The Importance of Labor Flexibility

As I was reading this fairly recent article on Denmark’s labor markets, the following jumped out at me:

The strong correlation between labor freedom and low unemployment rates seems to explain why Denmark has one of the lowest unemployment rates in the EU.

…A well-functioning and efficient labor market is, no doubt, one of the ingredients which account for Denmark’s economic prosperity. It is certainly responsible for the low unemployment rates the country has enjoyed over the last decades. The Danish experience should open the eyes of those European governments that refuse to undertake reforms which liberalize their labor markets. The evidence is clear: labor flexibility results in lower unemployment. Will the Danish example be followed by those countries badly hit by the plague of unemployment?
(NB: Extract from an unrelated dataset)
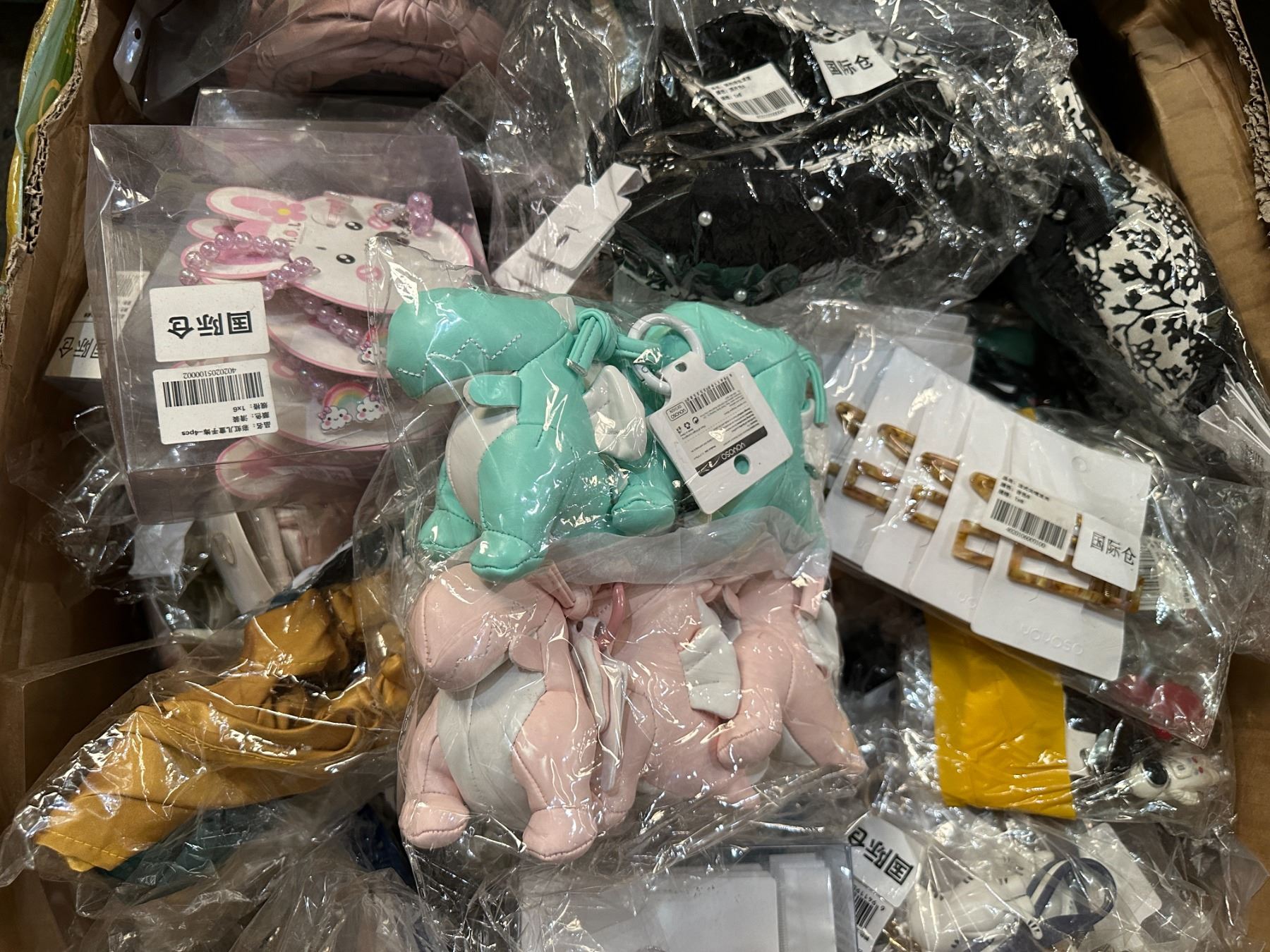 NEW - Box lot of misc. items; hair clips, earrings, keychains/etc. - NEW IN BOX

The papers the author cites are worth highlighting. The first is a 2012 IMF paper analyzing 97 countries from 1985 to 2008. The researchers report,

Our findings indicate that, after controlling for other macroeconomic and demographic variables, increases in the flexibility of labor market regulations and institutions have a statistically significant negative impact both on the level and the change of unemployment outcomes (i.e., total, youth, and long-term unemployment). Among the different labor market flexibility indicators analyzed, hiring and firing regulations and hiring costs are found to have the strongest effect.

Overall the results of the paper suggest that policies that enhance labor market flexibility should reduce unemployment. At the same time, this raises the issue of the design and possible sequence of such reforms, and the adoption of policies aimed also to improve the quality of employment and to minimize possible negative short-term effects, not investigated in this paper, on inequality and job destruction. While data available for our large set of countries lack the necessary level of details to answer this question, micro- and macro-studies on OECD countries over the decade showed that it is important to protect workers, rather than jobs, by coupling of unemployment benefits with pressure on unemployed to take jobs and measures to help them (Blanchard, 2006). Moreover, employment protection should be designed in such a way to internalize social costs and not inhibit job creation and labor reallocation. Artificial restrictions on individual employment contracts should also be avoided (pg. 12).

Bernal-Verdugo et al., 2012, pg. 13.

The next piece is a 2016 working paper that explores labor markets in Italy from 2001-2013. It explains,

Why have unemployment dynamics been so different in European countries? One of the most often cited explanation is the difference in labor market institutions that prevents wages from adjusting downward. If wages cannot decline, negative aggregate demand shocks (such as the Great Recession) result in unemployment growth. On the other hand, if wages can fall, labor markets reach a new equilibrium with unemployment rates returning to normal levels. Downward adjustment of wages in response to macroeconomic shocks is especially important in the euro area where labor markets cannot accommodate shocks through exchange rate depreciation or through internal labor mobility (migration among EU countries is much more limited than, for example, labor mobility across US states).

…We find that the wage differential between formal/regulated and informal/unregulated sectors has increased after 2008. Moreover, while wages in the informal sector decreased by about 20 percent in 2008-13, wages in the formal sector virtually did not fall. This is consistent with the view of a substantial downward stickiness of wages in the regulated labor market. Importantly, before the recession, wages in the formal and informal sectors moved in parallel — confirming the validity of the parallel trends assumption required for a difference-in-differences estimation and showing that both regulated and unregulated labor markets have a similar degree of upward flexibility of wages.

We also analyze the impact of the crisis on formal and informal employment. We find that formal employment decreases substantially while informal employment does not change. Since the aggregate demand shock affects both labor markets, this finding implies that upon losing a job in the formal sector at least some workers move to the informal sector. We calibrate a simple model describing such spillovers between formal and informal labor markets. Using the existing estimates for demand and supply elasticities for the Italian labor market, we estimate the degree of integration of formal and informal sector (i.e. the share of workers who move from the formal to the informal labor market after the crisis). Our model also allows to carry out a counterfactual analysis of the formal sector’s response to crisis in a scenario where formal wages were fully flexible. We find that in this case the crisis would have resulted in a much smaller decline in formal employment between 2008 and 2013 (1.5-4.5 percent rather than the actual 16 percent) (pg. 3-4).

Guriev et al., 2016, pg. 26.

Important information for policy makers.